Monday, August 10, 2015

George Santayana and Coca-Cola

“Even what is best in American life is compulsory — the idealism, the zeal, the beautiful happy unison of its great moments,” wrote philosopher George Santayana. “You must wave, you must cheer, you must push with the irresistible crowd; otherwise you will feel like a traitor, a soulless outcast, a deserted ship high and dry on the shore.”
Santayana, a Spainard who spent four decades in the U.S. as a student and Harvard philosophy professor, must have been quite the wet blanket at those Harvard-Yale games.
“America is all one prairie, swept by a universal tornado,” he wrote. “Although it has always thought itself in an eminent sense the land of freedom, even when it was covered with slaves, there is no country in which people live under more overpowering compulsions.”
In fact, Santayana retained enough cool-eyed mid-Atlantic detachment to see that Americans’ feverish celebration of individualism was often just a nervous disguise, a thin veneer covering their practice of strict conformity — and hiding it even from themselves. These “go-it-alone do-it-yourselfers” prostrate themselves before dogma and banners, U.S. or Confederate or both.
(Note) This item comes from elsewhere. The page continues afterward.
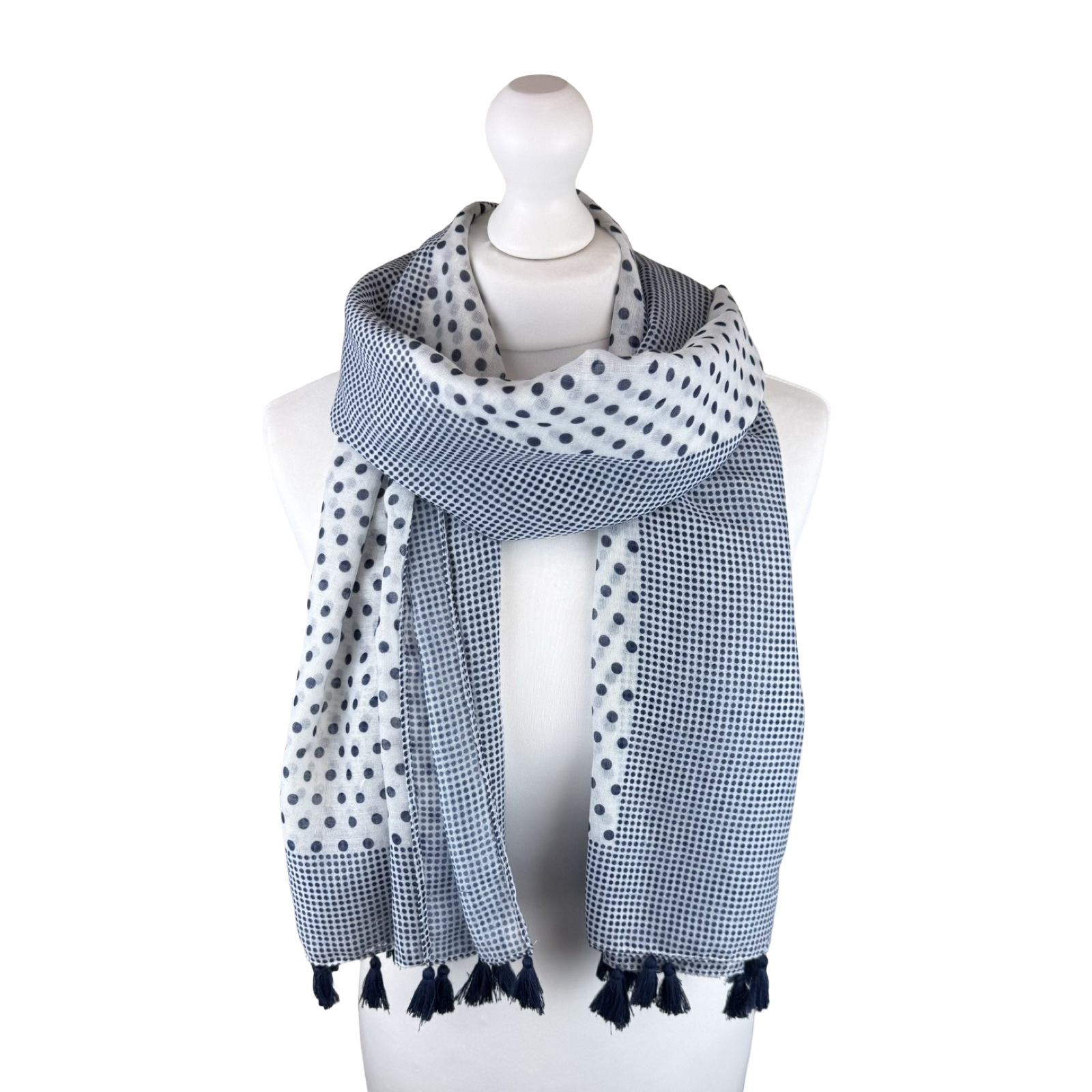 White & Navy Polkadot Print Scarf (Colour as shown)

American corporations loathe individualism and personal freedom, but love to peddle the illusion of both. The result is that Americans think individualism means finding your first name on a Coca-Cola bottle. Despite his wariness about the madness of mobs, Santayana DID cheer at Harvard-Yale games — but not without a cooler, broader understand of what was going on. “That Harvard should beat Yale at football is most gratifying,” he wrote to his friend George Sturgis. “I used to care immensely about this, and one of my projected books is largely based on that experience. It seems to me to explain all politics and wars."